Inhibition of SAPK2a/p38 prevents hnRNP A0 phosphorylation by MAPKAP-K2 and its interaction with cytokine mRNAs

• Published in: The EMBO journal Vol. 21; no. 23; pp. 6505 - 6514
• Main Authors: Rousseau, Simon, Morrice, Nick, Peggie, Mark, Campbell, David G., Gaestel, Matthias, Cohen, Philip
• Format: Journal Article
• Language: English
• Published: Chichester, UK John Wiley & Sons, Ltd 01.12.2002; Blackwell Publishing Ltd; Oxford University Press
• Subjects: Animals; AU-rich element; Chemokine CXCL2; Enzyme Inhibitors - pharmacology; Heterogeneous-Nuclear Ribonucleoproteins - metabolism; hnRNP; Imidazoles - pharmacology; Intracellular Signaling Peptides and Proteins; LPS; MAPKAP-K2; Mice; Mitogen-Activated Protein Kinases - metabolism; Monokines - genetics; p38 MAP kinase; p38 Mitogen-Activated Protein Kinases; Phosphorylation; Protein-Serine-Threonine Kinases - metabolism; Pyridines - pharmacology; RNA, Messenger - metabolism; Tumor Necrosis Factor-alpha - genetics
• ISSN: 0261-4189; 1460-2075; 1460-2075
• DOI: 10.1093/emboj/cdf639

Lipopolysaccharide (LPS) stimulates production of inflammatory mediators, partly by stabilizing [interleukin‐6 (IL‐6), cyclooxygenase 2 (COX‐2)] and/or stimulating translation [tumour necrosis factor‐α (TNF‐α)] of their mRNAs.

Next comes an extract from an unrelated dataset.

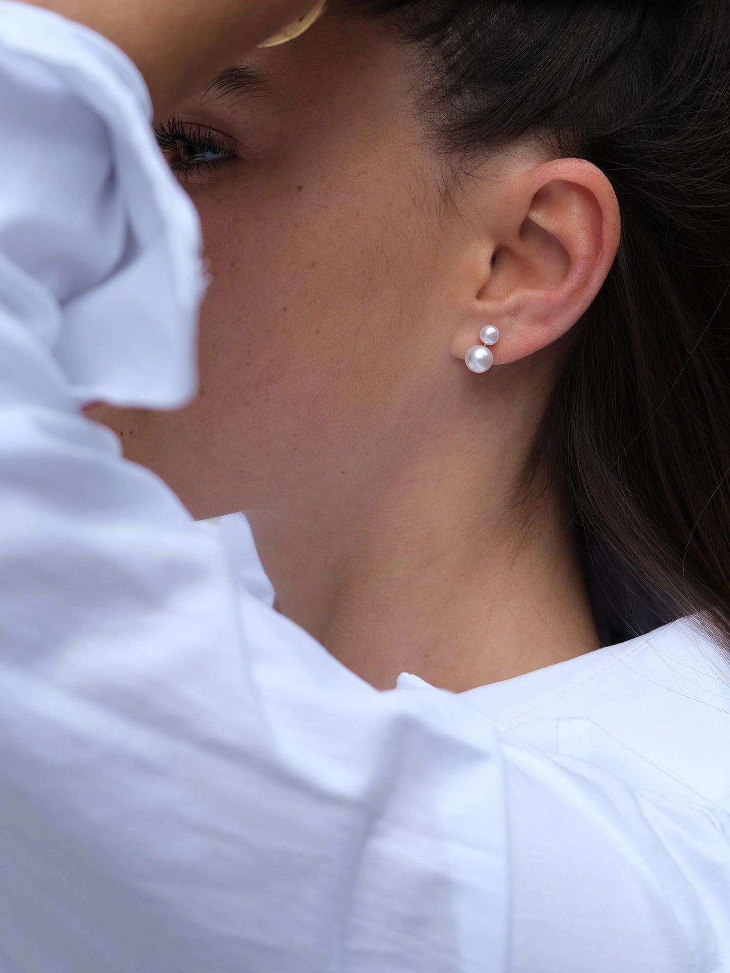 Double the pearls, double the charm. A fresh twist on the classic stud, this design plays with proportion for a look that’s bold and balanced.

Such regulation depends on AU‐rich elements (AREs) within the 3′‐untranslated regions and is partially suppressed by SB 203580 (which inhibits SAPK2a/p38). The LPS‐induced production of TNF‐α and IL‐6 is suppressed in MAPKAP‐K2‐deficient mice (a kinase activated by SAPK2a/p38). Here, we identify 18 macrophage proteins that bind to AREs and show that hnRNP A0 is a major substrate for MAPKAP‐K2 in this fraction. MAPKAP‐K2 phosphorylated hnRNP A0 at Ser84 in vitro and this residue became phosphorylated in LPS‐stimulated cells. Phosphorylation was prevented by SB 203580 and suppressed in macrophages derived from MAPKAP‐K2‐deficient mice. The mRNAs encoding TNF‐α, COX‐2 and macrophage inflammatory protein‐2 (MIP‐2) bound to hnRNP A0 in LPS‐stimulated macrophages, an interaction prevented by SB 203580. The LPS‐induced stabilization of MIP‐2 mRNA and production of MIP‐2 protein were abolished when macrophages were incubated with SB 203580 plus PD 184352 (which inhibits the classical MAP kinase cascade). Our data suggest that LPS‐induced binding of hnRNP A0 to AREs may contribute to the post‐transcriptional regulation of specific mRNAs.